» WORK ITEM
The lines below, from the one holding "W sklepach Euro" through the one holding "- Sypialnia: Jasna", are to be restated word for word, with all images left out.

Stored items:
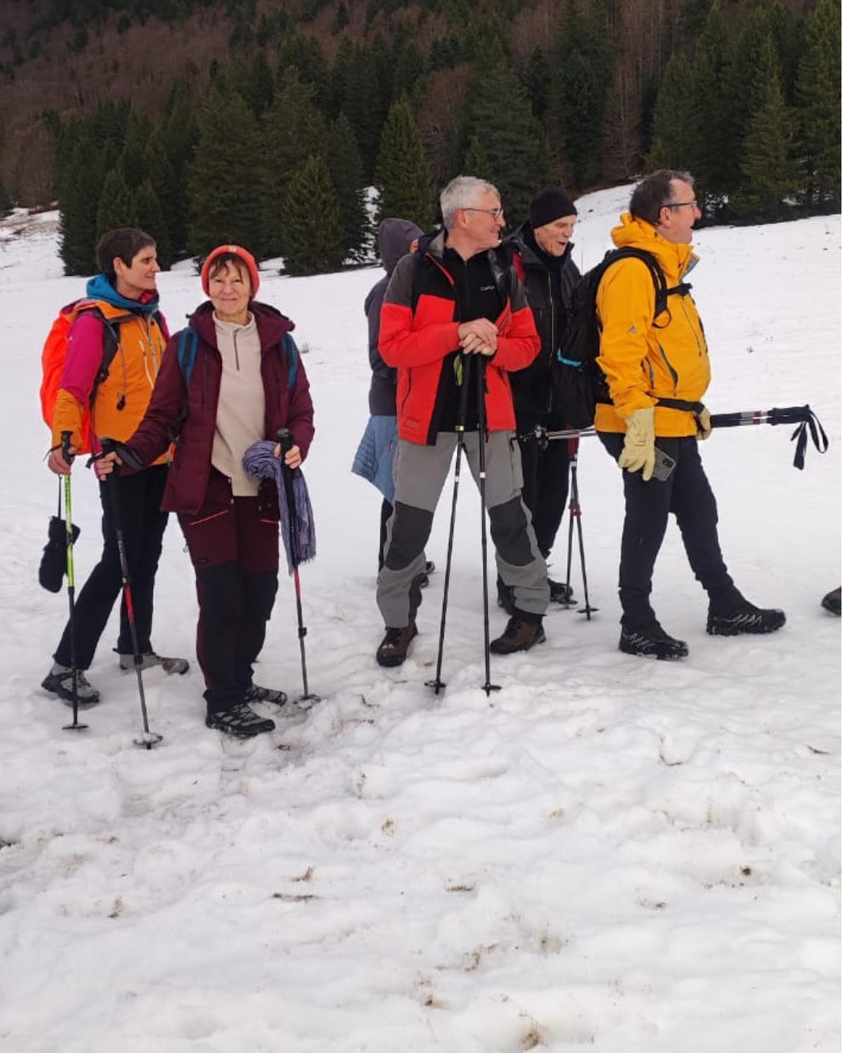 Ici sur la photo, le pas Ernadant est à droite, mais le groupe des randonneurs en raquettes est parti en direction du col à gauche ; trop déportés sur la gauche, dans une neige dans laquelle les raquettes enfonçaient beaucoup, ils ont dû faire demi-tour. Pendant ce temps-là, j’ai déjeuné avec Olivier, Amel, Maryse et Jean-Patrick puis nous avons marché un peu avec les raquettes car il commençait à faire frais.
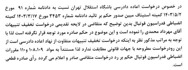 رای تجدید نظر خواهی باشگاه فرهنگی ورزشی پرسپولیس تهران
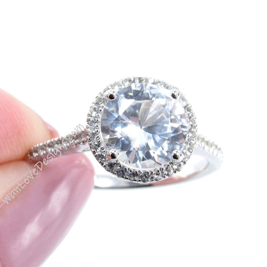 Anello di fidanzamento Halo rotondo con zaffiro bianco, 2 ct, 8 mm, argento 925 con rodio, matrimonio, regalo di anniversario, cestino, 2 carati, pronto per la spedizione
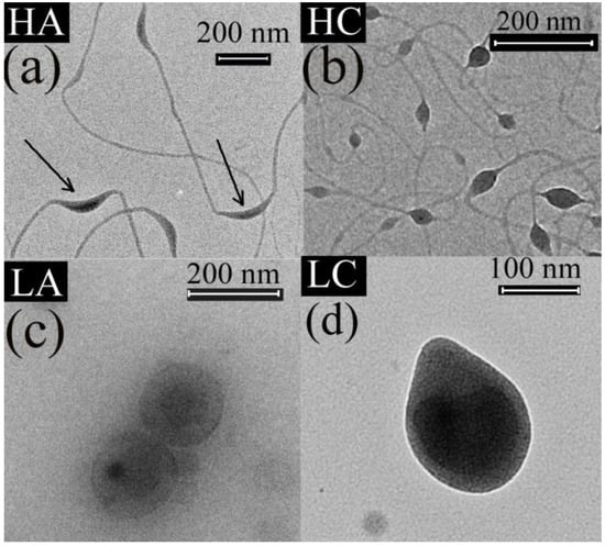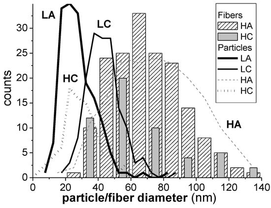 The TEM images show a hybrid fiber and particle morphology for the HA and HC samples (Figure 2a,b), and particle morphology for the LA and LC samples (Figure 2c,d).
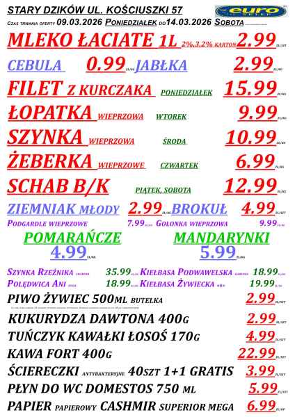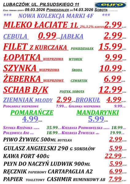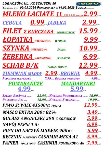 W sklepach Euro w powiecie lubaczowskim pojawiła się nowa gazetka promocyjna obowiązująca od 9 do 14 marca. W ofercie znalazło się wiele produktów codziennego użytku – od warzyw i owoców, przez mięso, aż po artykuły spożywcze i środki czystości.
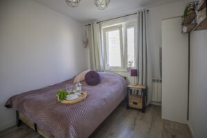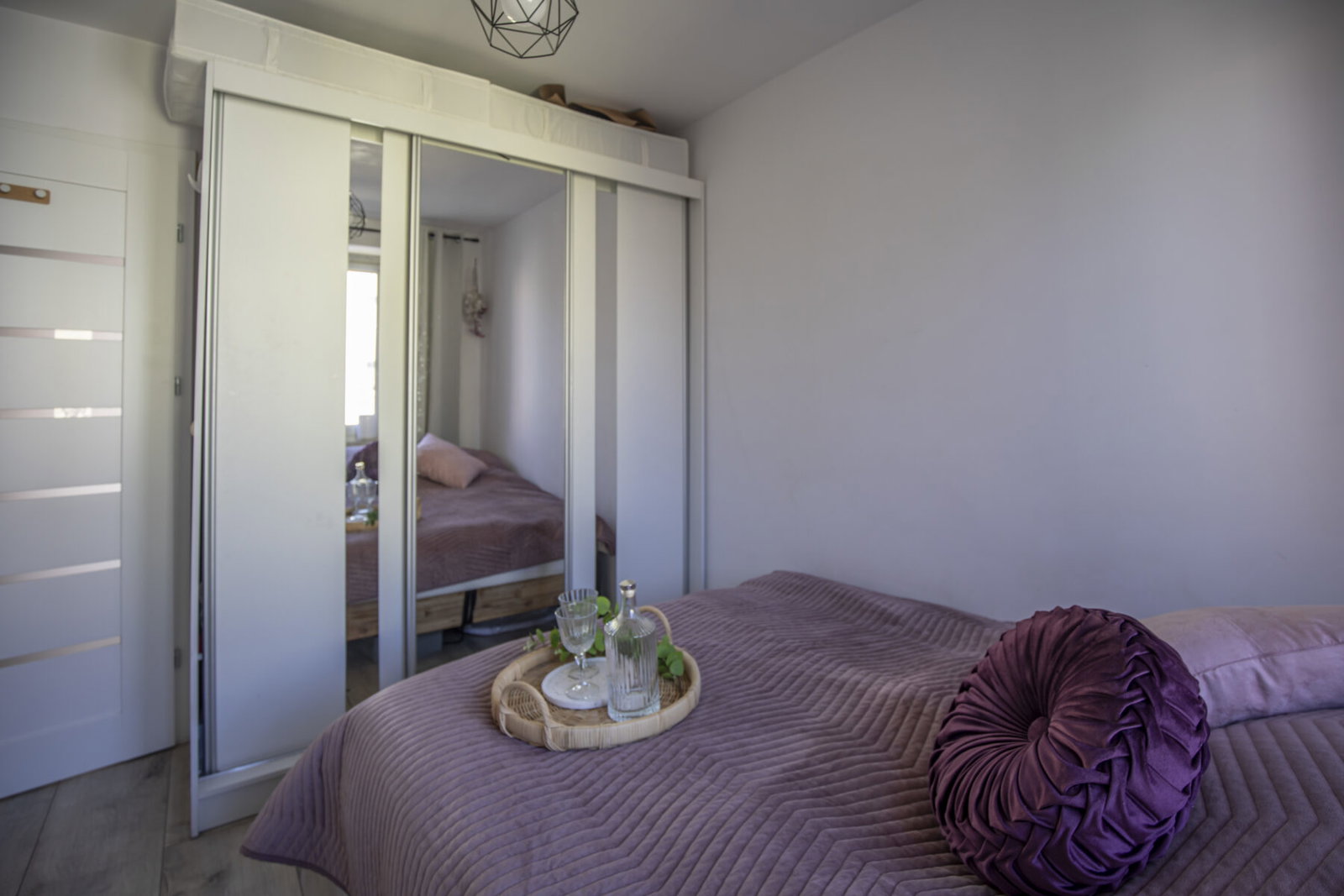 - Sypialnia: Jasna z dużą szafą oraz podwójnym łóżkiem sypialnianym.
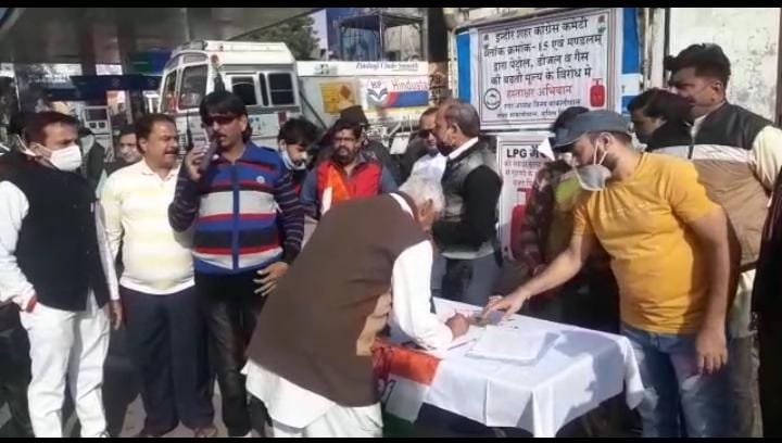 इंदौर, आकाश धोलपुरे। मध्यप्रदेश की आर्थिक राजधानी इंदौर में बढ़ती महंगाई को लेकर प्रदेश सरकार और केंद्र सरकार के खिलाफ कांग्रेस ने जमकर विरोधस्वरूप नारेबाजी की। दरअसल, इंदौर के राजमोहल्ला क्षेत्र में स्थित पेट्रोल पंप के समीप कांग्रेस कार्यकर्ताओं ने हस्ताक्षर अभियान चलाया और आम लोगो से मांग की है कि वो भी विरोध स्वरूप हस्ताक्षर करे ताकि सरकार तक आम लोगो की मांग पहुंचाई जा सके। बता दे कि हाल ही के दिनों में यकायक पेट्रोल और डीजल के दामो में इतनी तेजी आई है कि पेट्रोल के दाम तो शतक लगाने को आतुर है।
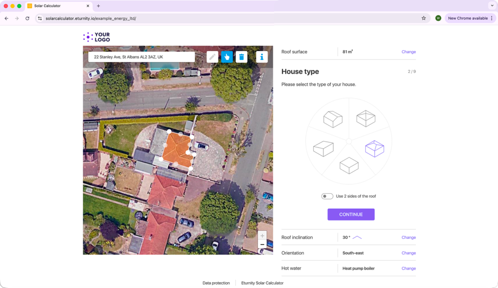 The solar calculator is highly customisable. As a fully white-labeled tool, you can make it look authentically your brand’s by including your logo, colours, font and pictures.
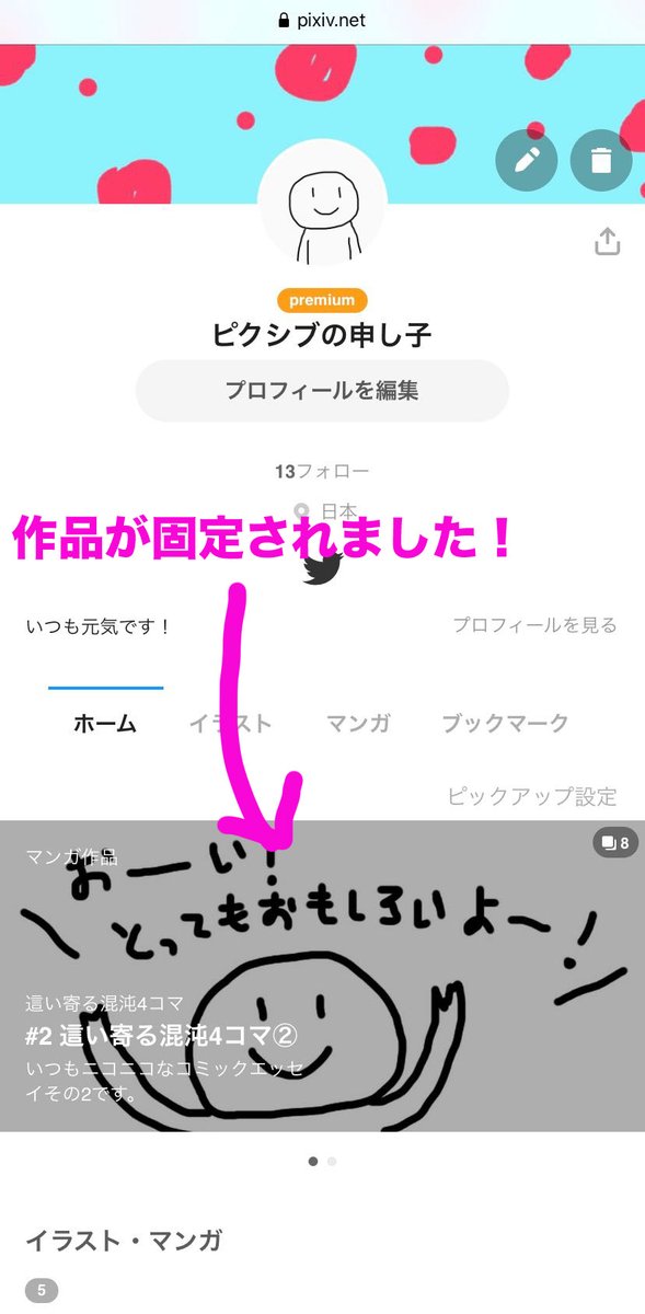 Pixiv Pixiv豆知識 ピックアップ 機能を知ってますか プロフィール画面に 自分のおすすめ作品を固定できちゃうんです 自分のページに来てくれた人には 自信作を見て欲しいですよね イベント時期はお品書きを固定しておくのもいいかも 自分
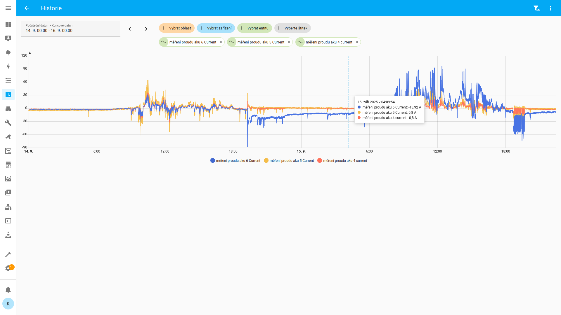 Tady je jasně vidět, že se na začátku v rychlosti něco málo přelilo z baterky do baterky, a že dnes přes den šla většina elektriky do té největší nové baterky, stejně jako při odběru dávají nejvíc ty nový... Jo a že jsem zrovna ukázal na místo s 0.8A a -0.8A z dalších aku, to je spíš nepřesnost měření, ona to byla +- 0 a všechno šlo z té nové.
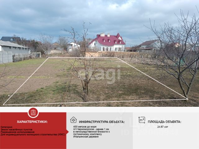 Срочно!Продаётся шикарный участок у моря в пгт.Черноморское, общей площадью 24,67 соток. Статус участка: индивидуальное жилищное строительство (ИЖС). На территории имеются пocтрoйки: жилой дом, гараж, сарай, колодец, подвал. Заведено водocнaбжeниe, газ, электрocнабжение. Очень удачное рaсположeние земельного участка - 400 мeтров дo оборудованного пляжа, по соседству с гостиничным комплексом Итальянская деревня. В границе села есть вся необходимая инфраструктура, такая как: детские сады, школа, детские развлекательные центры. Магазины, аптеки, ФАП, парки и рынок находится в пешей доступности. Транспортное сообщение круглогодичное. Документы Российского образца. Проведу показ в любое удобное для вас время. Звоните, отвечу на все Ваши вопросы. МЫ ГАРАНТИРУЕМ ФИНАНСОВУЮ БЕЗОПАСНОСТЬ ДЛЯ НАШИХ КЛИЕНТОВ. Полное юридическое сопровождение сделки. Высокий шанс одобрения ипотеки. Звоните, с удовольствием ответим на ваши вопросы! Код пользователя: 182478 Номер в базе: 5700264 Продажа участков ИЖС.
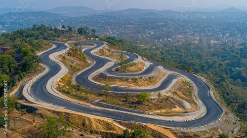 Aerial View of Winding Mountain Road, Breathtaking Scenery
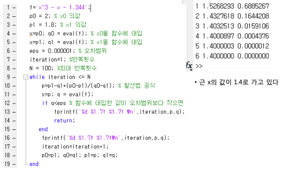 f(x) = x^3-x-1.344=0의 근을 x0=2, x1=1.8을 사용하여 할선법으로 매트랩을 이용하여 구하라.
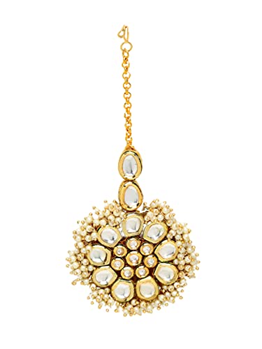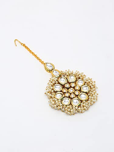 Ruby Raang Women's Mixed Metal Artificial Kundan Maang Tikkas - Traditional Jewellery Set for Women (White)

» RESPONSE AREA
 W sklepach Euro w powiecie lubaczowskim pojawiła się nowa gazetka promocyjna obowiązująca od 9 do 14 marca. W ofercie znalazło się wiele produktów codziennego użytku – od warzyw i owoców, przez mięso, aż po artykuły spożywcze i środki czystości.
 - Sypialnia: Jasna z dużą szafą oraz podwójnym łóżkiem sypialnianym.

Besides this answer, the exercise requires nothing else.